Could you output the listing that follows exactly, without its images?

- [THE DATA]
====

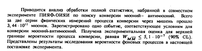 Приводится анализ обработки полной статистики, набранной в совместном эксперименте ПИЯФ-ОИЯИ по поиску конверсии мюонийантимюоний. Всего за две серии физических измерений процесса конверсии через мишень прошло 3,44-10" мюонов. Зарегистрировано одно событие, соответствующее условиям для конверсии мюоний-антимюоний. Получена экспериментальная оценка для верхней границы вероятности процесса конверсии, равная WMjg < 5, 1 10~7 (90% CL). Представлены результаты исследования вероятности фоновых процессов в настоящей постановке эксперимента.
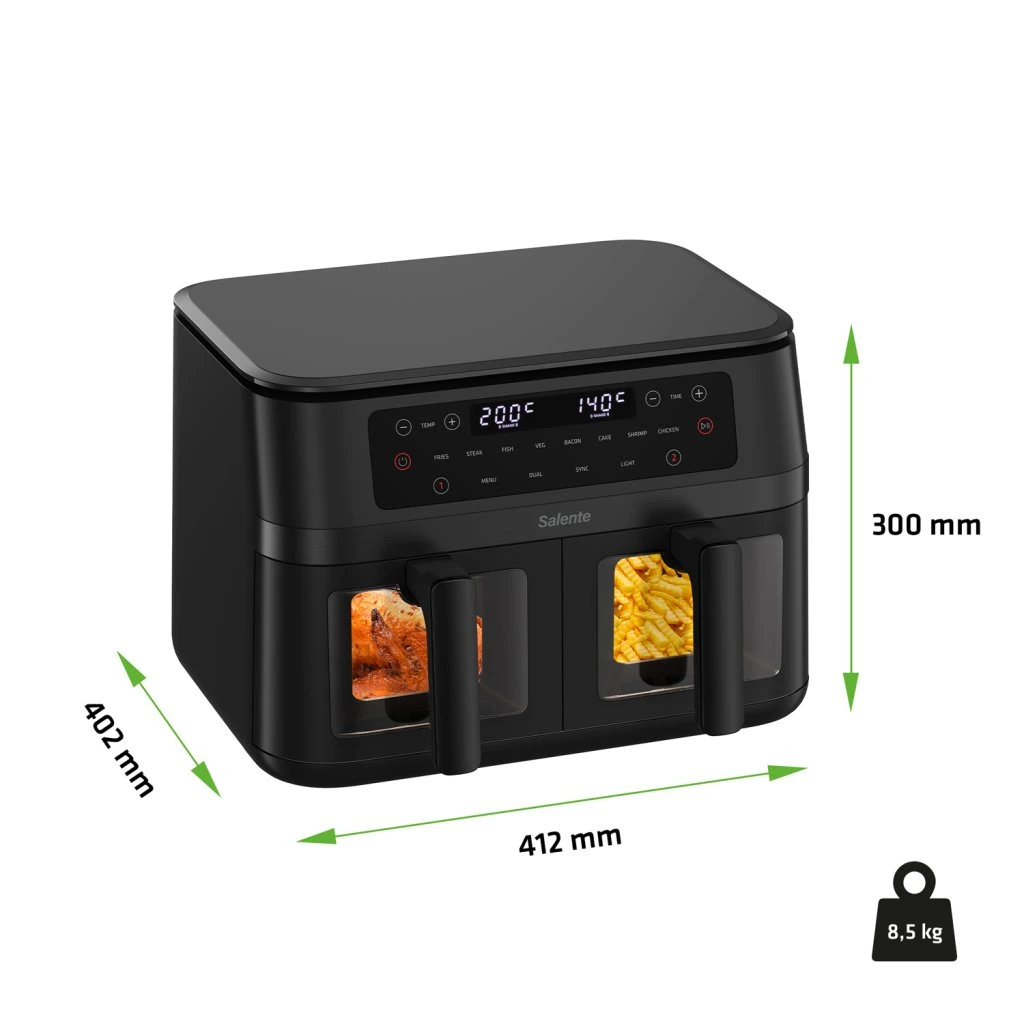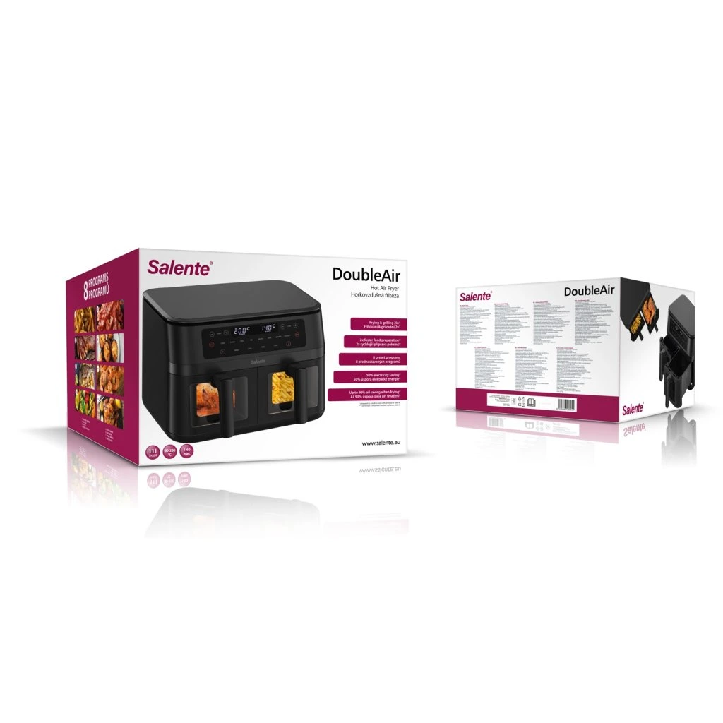 Képzelje el, hogy otthon ropogós sültkrumplit, szaftos steakeket vagy ellenállhatatlan édes desszertet készít, anélkül, hogy aggódnia kellene az egészségtelen zsír vagy a felesleges extra kalóriák miatt. A Salente DoubleAir forrólevegős sütő ezt az álmot valósággá varázsolja. Olajba merítés helyett forró keringő levegőt használ. Ennek köszönhetően ropogós textúrát hoz létre az elkészítendő alapanyagokon, de minimális zsírtartalommal. Képes sütni és grillezni is, és az előnyei közé tartozik a két független sütőkosár (összesen 11 literes kapacitással) két különböző étel egyidejű elkészítéséhez. Egyszerűen olyan helyet varázsol a konyhájából, ahol a bódító ízek és aromák kéz a kézben járnak az egészséges életmóddal.
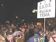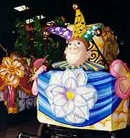 The Krewe du Vieux was established in 1987 as a replacement of the Krewe of Clones, which flopped after the city tried to make it more respectable for visitors who stayed on in the city after the 1986 Superbowl.[4] The Krewe de Vieux is actually an amalgamation of several smaller semi-independent krewes (or sub-krewes) that pool their resources together for parade permits and other expenses and obligations. Several of the sub-krewes predate the Krewe du Vieux, originating as walking clubs or as sub-krewes of the defunct Krewe of Clones in the 1970s and early 1980s. The history behind the parade states that the ruling class of New Orleans wagered if they gave the common people one day a year to go crazy and mock the elites then the satiated masses would allow them to maintain control for the remainder of the year.[5] Participation in the parade is open to anyone who is part of a sub-affiliated krewe in good standing.[6]
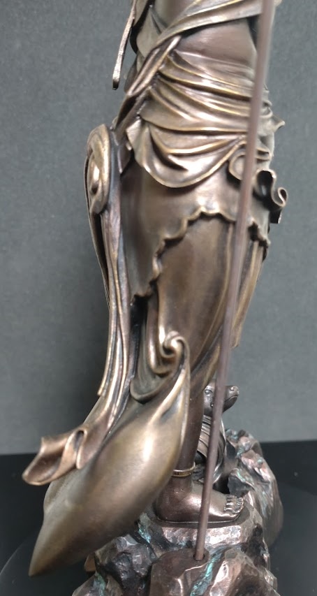 身体の部分は銅色ですが、丁寧に陰影がつけられ、あまりしつこくない絶妙な差し色として緑青(りょくしょう)が入っています。この画像ですと首元、胸の飾り・瓔珞(ようらく)の周辺ですね。
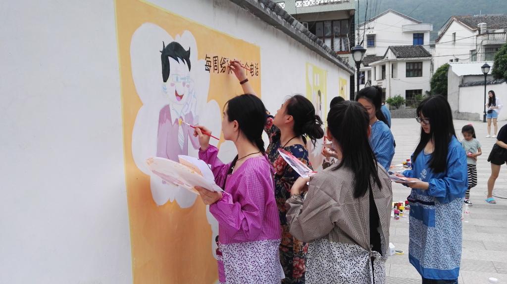 美术工作坊指导老师陈铿和学生科严晓秋老师带队,30余位学生志愿者,前往乐清虹桥镇大乌石村开展公益墙绘活动。
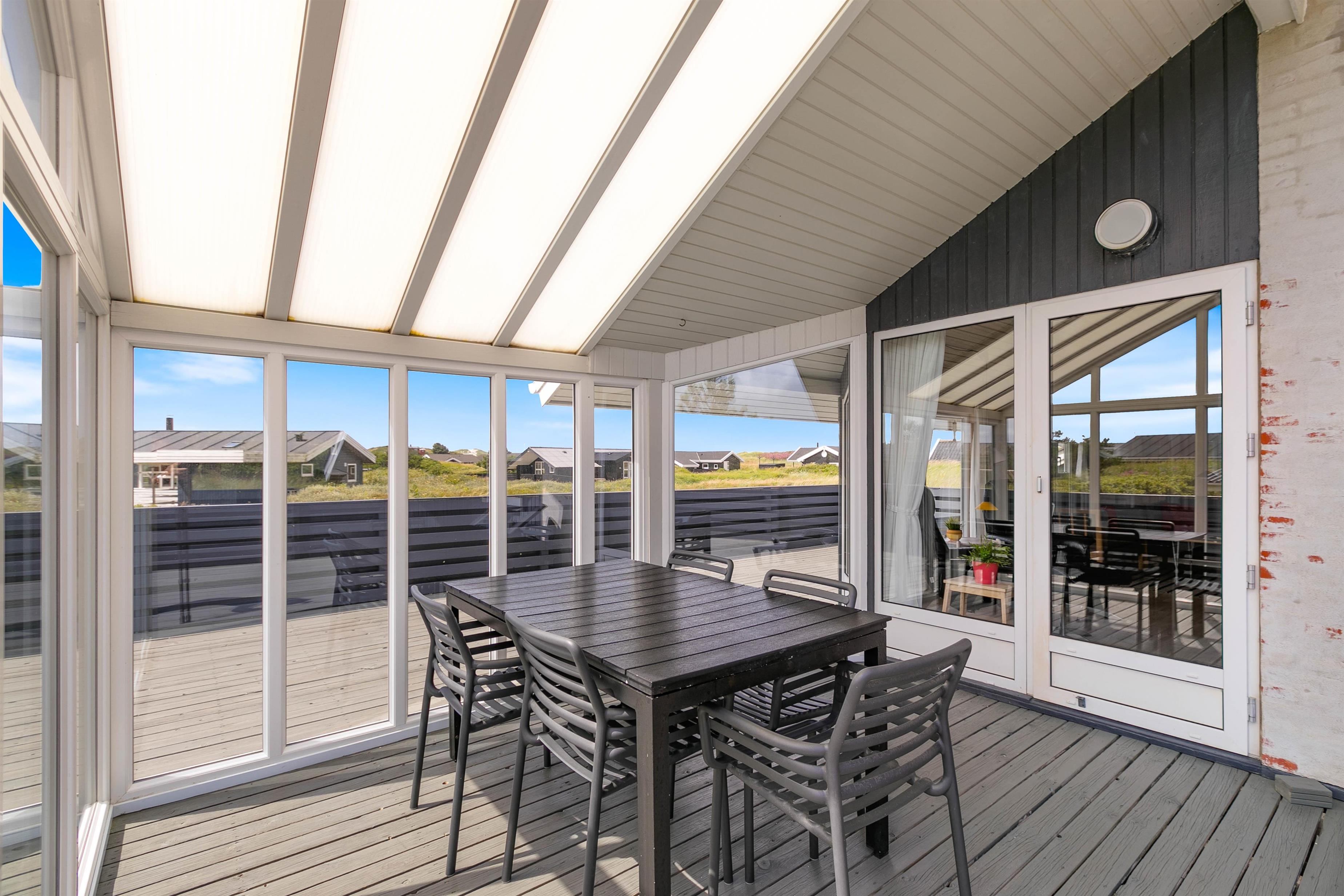 De store vinduespartier på terrassen gør, at I kan sidde udenfor og nyde udsigten, selv når vejret er mindre godt. En hyggelig grillaften for hele familien er en perfekt afslutning på dagen, hvor I kan sidde rundt om havebordet og planlægge den næste udflugt.
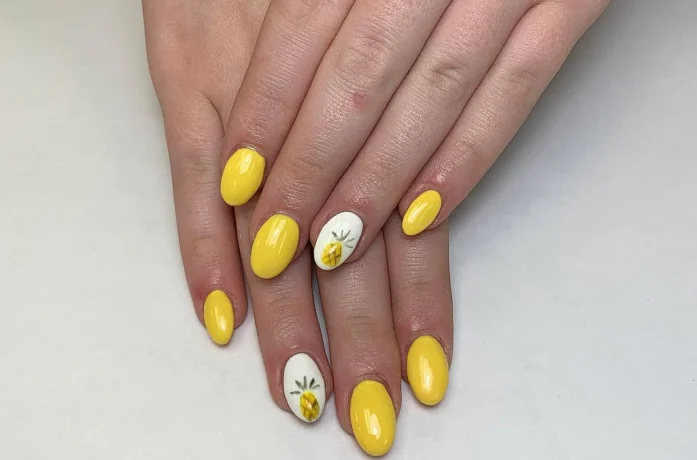 White floral art or natural nail leaves can be paired with lemon yellow, or be used as accent nail with neutral colours. This light, but gentle spring nail design is a reflection of the festive mood in the season.
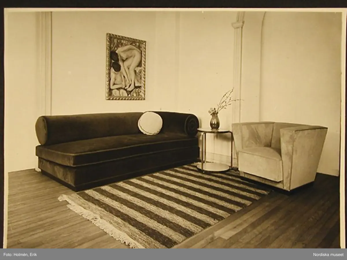 Möbelutställning på Nordiska Kompaniet, 1932. Soffa och fåtölj modell "Lido" formgivet av Axel Einar Hjort.
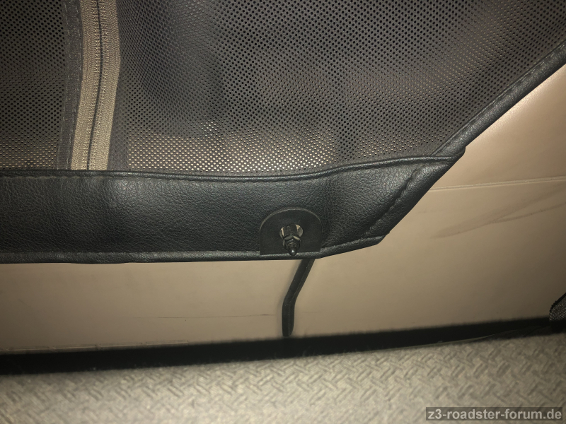 Das ist die VFL Variante mit Gummizügen vorne und hinten zum Einhaken unter der Plastikverkleidung. Die FL Variante hat nur vorne Gummizüge und wird hinten direkt über Löcher im Leder der Persenning über die längeren Tenaxschrauben inkl. Distanzhülsen auf der Rückseite des Ablagefachs geschoben und fixiert.
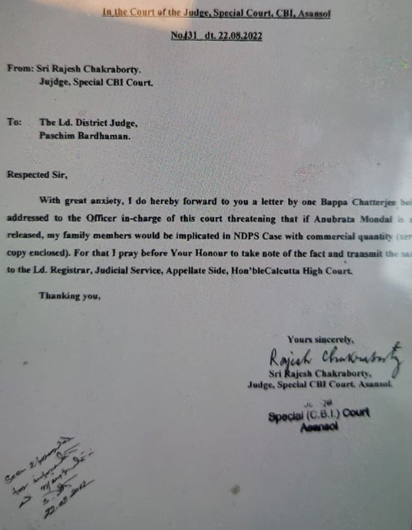 Asansol SPL CBI court judge Rajesh Chakraborty claims of getting a threat letter demanding bail for Anubrata Mondal or else his family will be implicated in an NDPS case with a commercial quantity
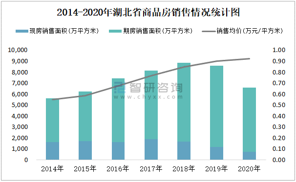 根據國家統計局數據統計可知:2021年7月湖北省商品房銷售面積為569.74萬平方米(其中銷售現房45.7萬平方米,期房524.04萬平方米),銷售額為527.73億元,銷售均價約為0.93萬元/平方米;2021年1-7月湖北省商品房累計銷售面積為3963.08萬平方米,銷售面積累計同比增長64.4%,累計銷售額為3837.3億元,銷售額累計同比增長80.5%;2014-2020年湖北省商品房總銷售面積2018年達到最高值,此后有所下滑,其中期房銷售面積大大高于現房銷售面積,銷售均價逐年遞增。
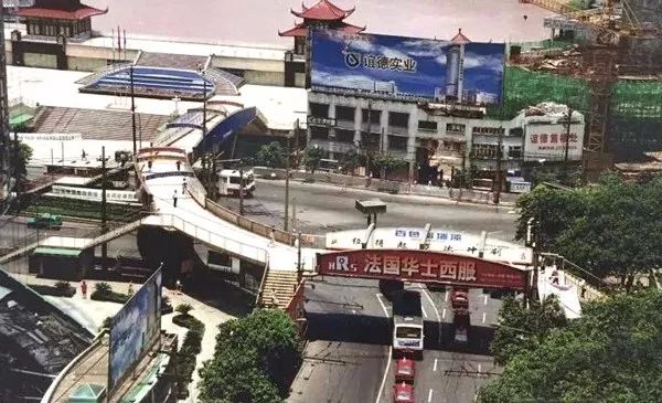1980年代,重庆,临江门天桥,旁边的魁星楼刚开建。

====

- [RESULT OF THE TASK]
 Приводится анализ обработки полной статистики, набранной в совместном эксперименте ПИЯФ-ОИЯИ по поиску конверсии мюонийантимюоний. Всего за две серии физических измерений процесса конверсии через мишень прошло 3,44-10" мюонов. Зарегистрировано одно событие, соответствующее условиям для конверсии мюоний-антимюоний. Получена экспериментальная оценка для верхней границы вероятности процесса конверсии, равная WMjg < 5, 1 10~7 (90% CL). Представлены результаты исследования вероятности фоновых процессов в настоящей постановке эксперимента.
 Képzelje el, hogy otthon ropogós sültkrumplit, szaftos steakeket vagy ellenállhatatlan édes desszertet készít, anélkül, hogy aggódnia kellene az egészségtelen zsír vagy a felesleges extra kalóriák miatt. A Salente DoubleAir forrólevegős sütő ezt az álmot valósággá varázsolja. Olajba merítés helyett forró keringő levegőt használ. Ennek köszönhetően ropogós textúrát hoz létre az elkészítendő alapanyagokon, de minimális zsírtartalommal. Képes sütni és grillezni is, és az előnyei közé tartozik a két független sütőkosár (összesen 11 literes kapacitással) két különböző étel egyidejű elkészítéséhez. Egyszerűen olyan helyet varázsol a konyhájából, ahol a bódító ízek és aromák kéz a kézben járnak az egészséges életmóddal.
 The Krewe du Vieux was established in 1987 as a replacement of the Krewe of Clones, which flopped after the city tried to make it more respectable for visitors who stayed on in the city after the 1986 Superbowl.[4] The Krewe de Vieux is actually an amalgamation of several smaller semi-independent krewes (or sub-krewes) that pool their resources together for parade permits and other expenses and obligations. Several of the sub-krewes predate the Krewe du Vieux, originating as walking clubs or as sub-krewes of the defunct Krewe of Clones in the 1970s and early 1980s. The history behind the parade states that the ruling class of New Orleans wagered if they gave the common people one day a year to go crazy and mock the elites then the satiated masses would allow them to maintain control for the remainder of the year.[5] Participation in the parade is open to anyone who is part of a sub-affiliated krewe in good standing.[6]
 身体の部分は銅色ですが、丁寧に陰影がつけられ、あまりしつこくない絶妙な差し色として緑青(りょくしょう)が入っています。この画像ですと首元、胸の飾り・瓔珞(ようらく)の周辺ですね。
 美术工作坊指导老师陈铿和学生科严晓秋老师带队,30余位学生志愿者,前往乐清虹桥镇大乌石村开展公益墙绘活动。
 De store vinduespartier på terrassen gør, at I kan sidde udenfor og nyde udsigten, selv når vejret er mindre godt. En hyggelig grillaften for hele familien er en perfekt afslutning på dagen, hvor I kan sidde rundt om havebordet og planlægge den næste udflugt.
 White floral art or natural nail leaves can be paired with lemon yellow, or be used as accent nail with neutral colours. This light, but gentle spring nail design is a reflection of the festive mood in the season.
 Möbelutställning på Nordiska Kompaniet, 1932. Soffa och fåtölj modell "Lido" formgivet av Axel Einar Hjort.
 Das ist die VFL Variante mit Gummizügen vorne und hinten zum Einhaken unter der Plastikverkleidung. Die FL Variante hat nur vorne Gummizüge und wird hinten direkt über Löcher im Leder der Persenning über die längeren Tenaxschrauben inkl. Distanzhülsen auf der Rückseite des Ablagefachs geschoben und fixiert.
 Asansol SPL CBI court judge Rajesh Chakraborty claims of getting a threat letter demanding bail for Anubrata Mondal or else his family will be implicated in an NDPS case with a commercial quantity
 根據國家統計局數據統計可知:2021年7月湖北省商品房銷售面積為569.74萬平方米(其中銷售現房45.7萬平方米,期房524.04萬平方米),銷售額為527.73億元,銷售均價約為0.93萬元/平方米;2021年1-7月湖北省商品房累計銷售面積為3963.08萬平方米,銷售面積累計同比增長64.4%,累計銷售額為3837.3億元,銷售額累計同比增長80.5%;2014-2020年湖北省商品房總銷售面積2018年達到最高值,此后有所下滑,其中期房銷售面積大大高于現房銷售面積,銷售均價逐年遞增。
1980年代,重庆,临江门天桥,旁边的魁星楼刚开建。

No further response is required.